This measure is not intended to reflect cash flow per share. The cash or
tangible EPS for the third quarter of 1997 was $.41, which is $.10 per share
higher than the standard EPS, compared to a SAIF adjusted tangible EPS of $.30
for the third quarter of 1996, showing a 37% improvement. The cash or tangible
EPS for the nine months ended September 30, 1997 was $1.27, which is $.30 per
share higher than the standard EPS, compared to a SAIF adjusted tangible EPS of
$.93 for the same period in 1996, showing a 37% improvement. This measure and
the factors influencing its calculation are described more fully in the 1996
Annual Report to Shareholders.
Net income for the quarter ended September 30, 1997 yielded a return on
average equity ("ROE") of 9.23%, representing a 54% improvement over the SAIF
adjusted ROE achieved for the same period in 1996 of 6.01%. ROE for the nine
months ended September 30, 1997 was 9.52% compared to a SAIF adjusted ROE of
6.49% for the same period in 1996, representing a 47% improvement.

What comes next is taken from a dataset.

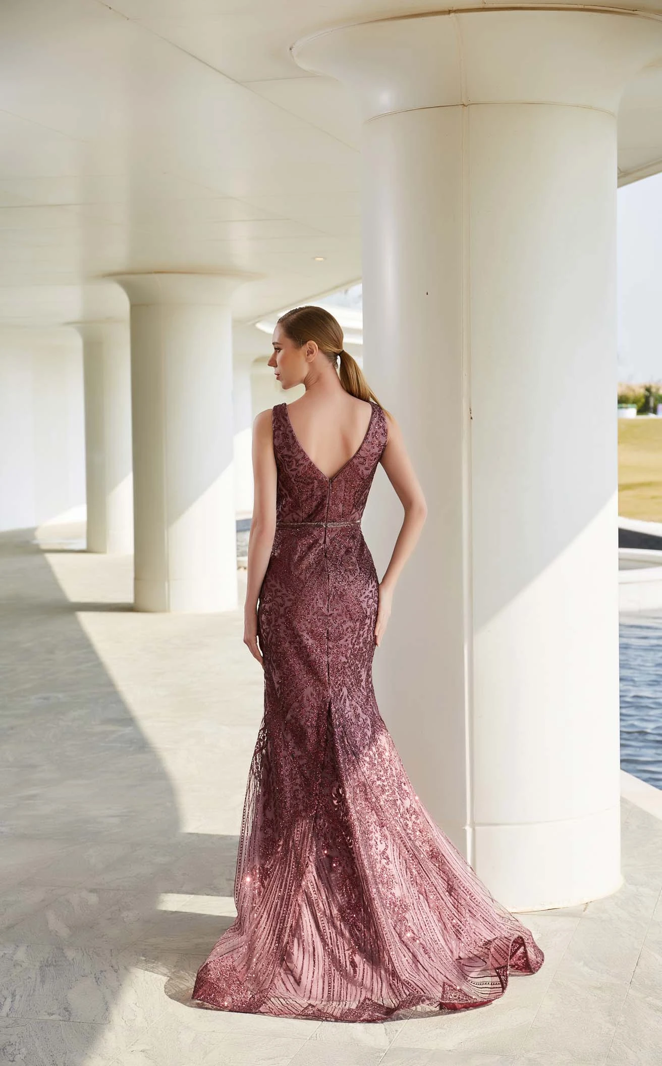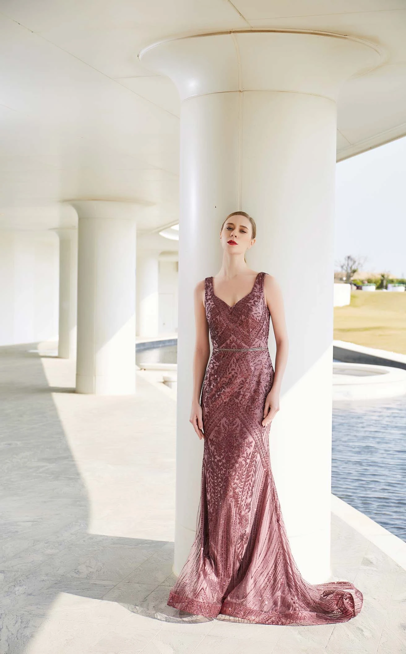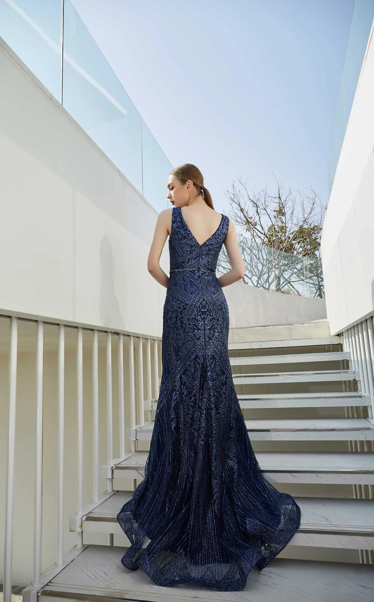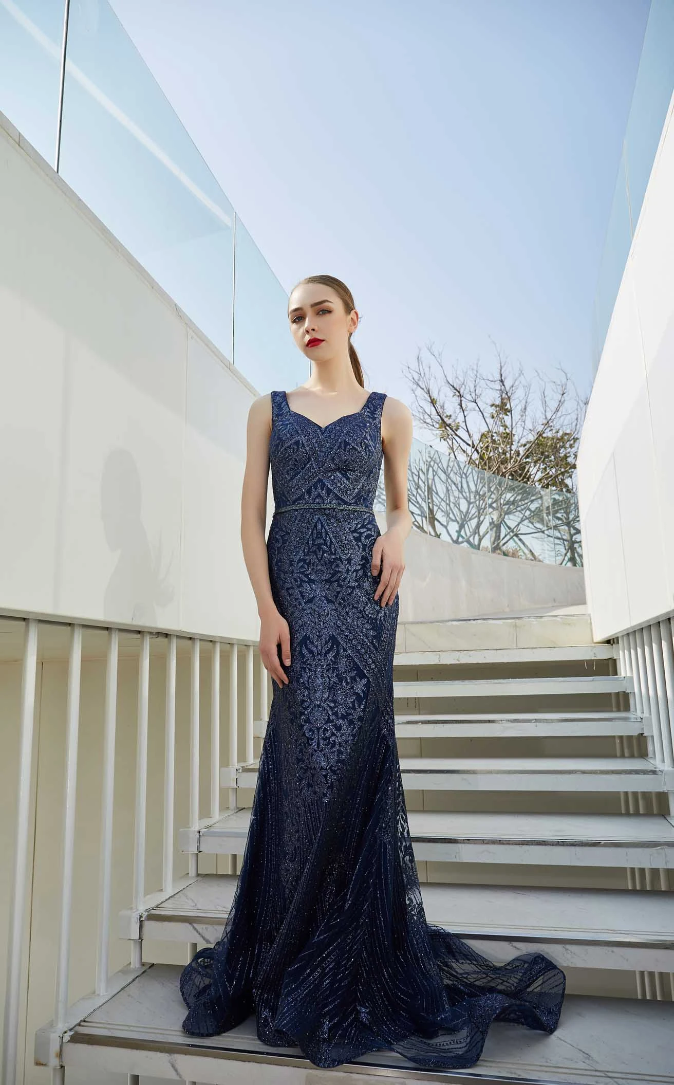If you’re looking forward to a dreamy evening then this long dress from the house of Jadore is for you. This lavish piece has a sweetheart neckline and V-cut back. Flaunting a charming floral applique pattern all over the mermaid silhouette, this dress is perfect for every occasion. It has a natural waistline that flows into a full-length hem with a sweep train.

The
increase in the return on average equity is primarily attributable to the
improved earnings resulting from the positive impact of capital leveraging
experienced during 1996 and the first nine months of 1997. The capital
leveraging was achieved mostly through growth in assets and, to a lesser
extent, through the stock buy back activity.
Net interest income increased $2.62 million on a tax equivalent basis for
the nine months ended September 30, 1997 as compared to the same periods in
1996. The increase in net interest income is attributable to the positive
impact of volume increases caused by the AFSB acquisition and internal growth
experienced during 1996 and the first nine months of 1997. While net interest
income increased, there was a decline in the net interest spread, from 3.11% to
3.02%, and net interest margin, from 3.57% to 3.39%, for the nine months ended
September 30, 1996 compared to the same period in 1997, respectively. The
yield on total interest-earning assets improved primarily due to an increase in
the loan portfolio as a percent of total interest-earning assets. Offsetting
this improvement in the yield on interest-earning assets was the increase in
the cost of interest-bearing liabilities, resulting in a decline in the net
interest spread. The cost of interest-bearing liabilities increased primarily
due to an increase in FHLB advances as a percent of total interest-bearing
liabilities and, to a lesser extent, a shift in mix from lower costing demand
deposit and savings accounts to higher costing money market demand and savings
accounts, as well as a general rise in the rates of interest-bearing
liabilities. The reduction in net interest margin was partially the result of
this spread decline, but also the result of the Corporation becoming more
leveraged through acquisition and internal growth. This increase in leveraging
is reflected in the ratio of average interest-earning assets to average
interest-bearing liabilities, which declined to 1.07x for the nine months ended
September 30, 1997 compared to 1.10x for the same period in 1996.
The provision for loan losses is a result of management's periodic
analysis of the adequacy of the allowance for loan losses. The provision of
$480,000 for the nine months ended September 30, 1997 was for the purpose of
growing the allowance for loan loss balance to keep pace with loan growth as
the credit risk profile of the Corporation's loan portfolio has not changed
dramatically. The Corporation anticipates that it will increase its allowance
for loan loss balance in future periods to prepare for the higher risk of loss
associated with management's intention to increase the commercial and consumer
loan portfolios.
The allowance is maintained by management at a level considered adequate
to cover possible loan losses that are currently anticipated based on past loss
experience, general economic conditions, information about specific borrower
situations, including their financial position and collateral values, and other
factors and estimates, which are subject to change over time. Although the
level of non-performing assets is considered in establishing the allowance for
loan losses balance, variations in non-performing loans have not been
meaningful based upon the Corporation's past loss experience and, as such, have
not had a significant impact on the overall level of the allowance for loan
losses. Delinquent loans more than 90 days are put on non-accrual status
unless they are adequately collateralized and in the process of collection (see
discussion on Non-Performing Assets and Allowance for Loan Losses below).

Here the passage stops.